PROBLEM DESCRIPTION
Retype word for word the stretch of entries below from the line that has "Djibouti livestock market, a" through the line that has "Community members of ward 30, 33, 34, 38", and omit the pictures.

EXCERPTED RECORDS
◇ ◇ ◇ ◇

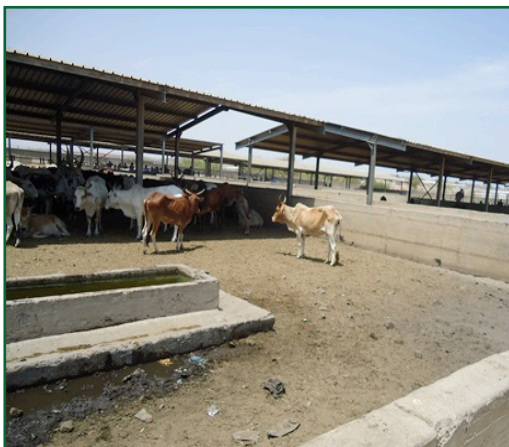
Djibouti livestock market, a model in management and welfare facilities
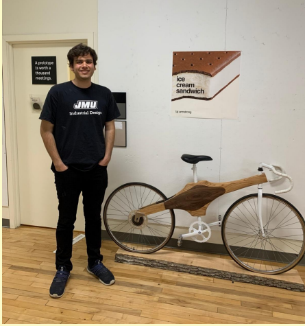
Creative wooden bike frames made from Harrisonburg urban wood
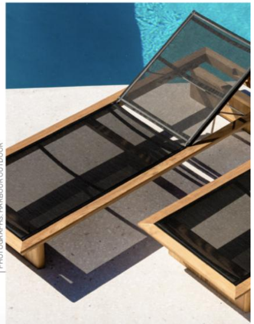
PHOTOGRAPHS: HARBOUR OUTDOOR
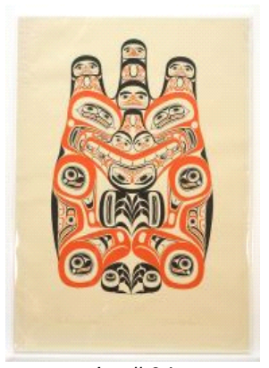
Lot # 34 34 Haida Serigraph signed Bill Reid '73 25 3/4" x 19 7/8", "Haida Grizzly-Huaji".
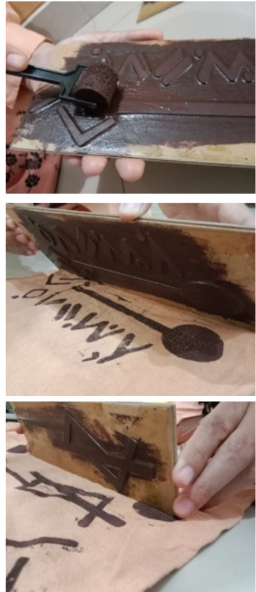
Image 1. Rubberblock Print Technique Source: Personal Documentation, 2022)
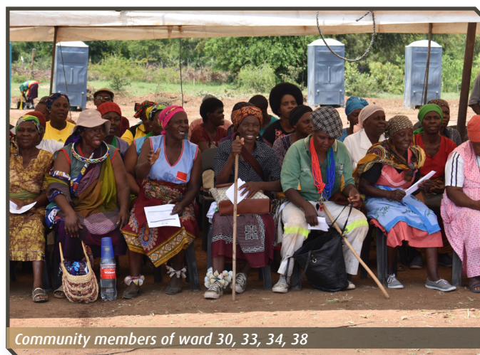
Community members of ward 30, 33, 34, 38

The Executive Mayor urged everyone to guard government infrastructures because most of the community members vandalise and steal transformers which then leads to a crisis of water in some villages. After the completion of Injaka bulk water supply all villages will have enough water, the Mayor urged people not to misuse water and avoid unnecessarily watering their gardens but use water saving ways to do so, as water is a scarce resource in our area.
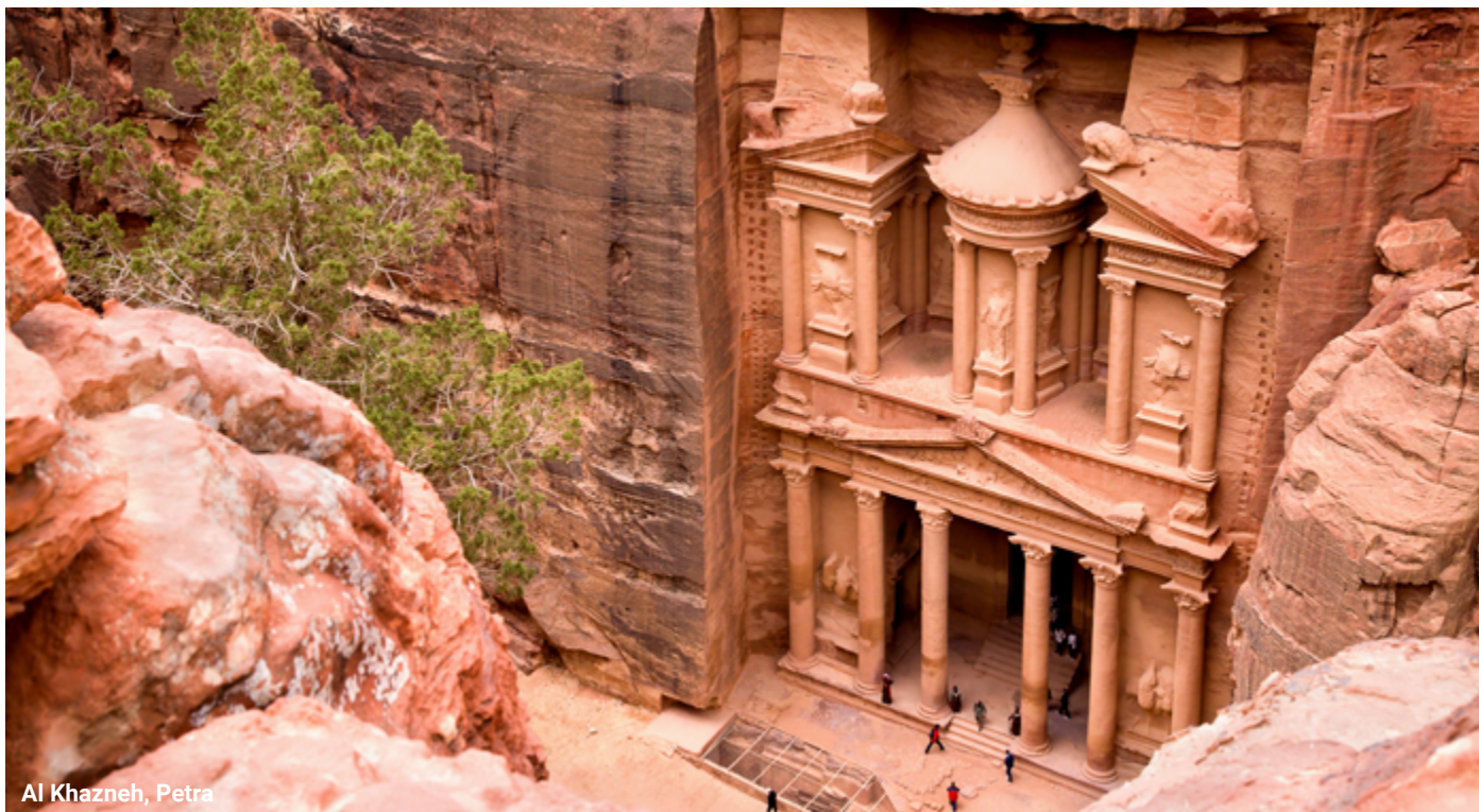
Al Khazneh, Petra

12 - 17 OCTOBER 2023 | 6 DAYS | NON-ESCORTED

◇ ◇ ◇ ◇

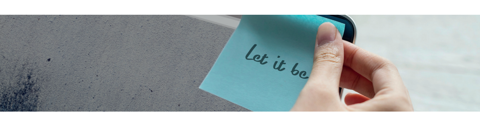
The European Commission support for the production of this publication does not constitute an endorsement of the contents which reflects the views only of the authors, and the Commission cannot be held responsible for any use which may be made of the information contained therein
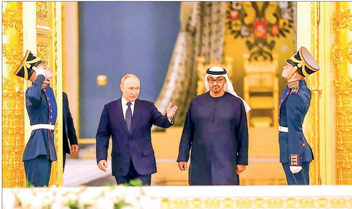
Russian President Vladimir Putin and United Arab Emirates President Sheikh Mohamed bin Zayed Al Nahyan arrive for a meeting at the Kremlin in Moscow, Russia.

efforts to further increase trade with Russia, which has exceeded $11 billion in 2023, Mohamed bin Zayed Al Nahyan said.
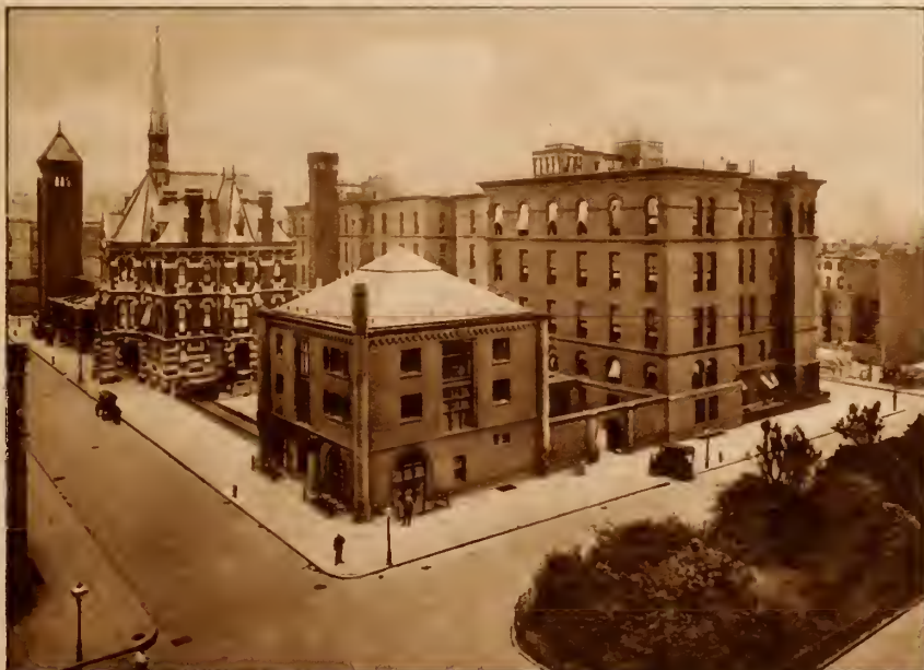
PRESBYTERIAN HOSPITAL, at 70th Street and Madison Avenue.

◇ ◇ ◇ ◇

REPLY
Djibouti livestock market, a model in management and welfare facilities
Creative wooden bike frames made from Harrisonburg urban wood
PHOTOGRAPHS: HARBOUR OUTDOOR
Lot # 34 34 Haida Serigraph signed Bill Reid '73 25 3/4" x 19 7/8", "Haida Grizzly-Huaji".
Image 1. Rubberblock Print Technique Source: Personal Documentation, 2022)
Community members of ward 30, 33, 34, 38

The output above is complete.